To the Editor: In the March issue, Dr. Rodriguez Alvarez and colleagues1 reviewed the recent update to the American Diabetes Association consensus report on hyperglycemic crises in adults with diabetes.2 I believe the 2024 consensus report’s marginalization of the anion gap, as summarized by Rodriguez Alvarez et al, is shortsighted and incorrect.
Serum electrolyte assays generally calculate and report an anion gap or delta as a “free” parameter. I certainly agree that quantitation of serum beta-hydroxybutyrate levels is much more specific and diagnostic of ketoacidosis than the anion gap. However, the anion gap still provides important clues to potentially missed, and clinically significant, disorders. Many recent reports and series describe the not uncommon scenario of diabetic ketoacidosis combined with vomiting-induced metabolic alkalosis (especially in cannabis users). These patients may present with minimal acidemia, or even alkalemia. The very large anion gap is a major clue to this mixed disorder.
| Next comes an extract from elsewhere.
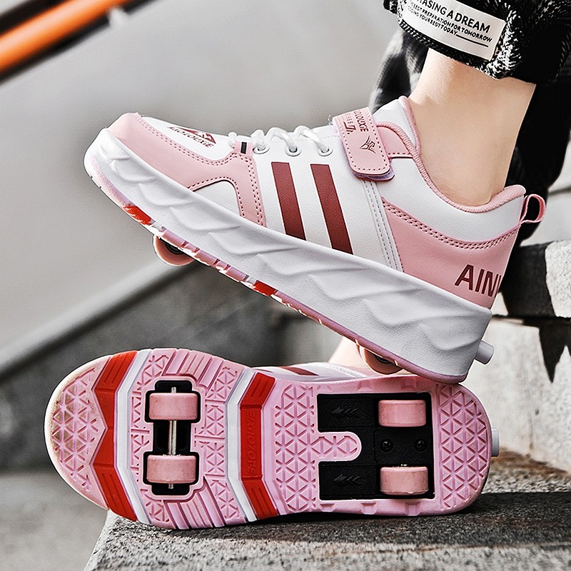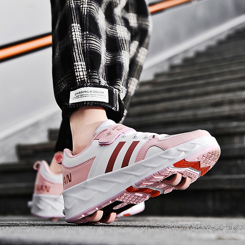 暴走鞋男童新款隐形四轮自动收缩女童运动轮滑鞋儿童四轮飞行鞋
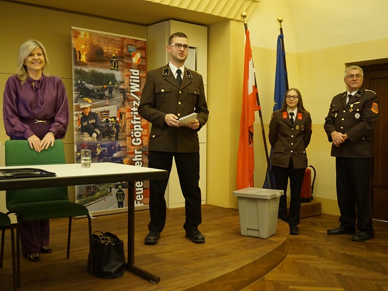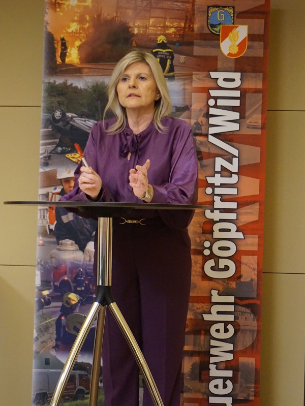 Im Anschluss an die Ernennungen und Beförderungen durch HBI Stefan Gutmann dankte auch Bürgermeisterin Silvia Riedl-Weixlbraun den Mitgliedern der Freiwilligen Feuerwehr Göpfritz/Wild für ihr Engagement und die tatkräftige Unterstützung und wünschte dem neuen Feuerwehrkommando alles Gute für ihre künftigen Aufgaben.

A large anion gap, despite a relatively unimpressive serum beta-hydroxybutyrate level, suggests that another complicating acidosis, such as lactic acidosis or a toxic alcohol ingestion–related acidosis, coexists with diabetic ketoacidosis.
The astute clinician must use all the clinical and laboratory information that is available, and the anion gap remains a very helpful parameter when confronted with a patient experiencing a hyperglycemic crisis. As a coauthor of the UpToDate chapters on hyperglycemic crises, I continue to advise clinicians to always include the anion gap in their diagnostic and therapeutic game plan.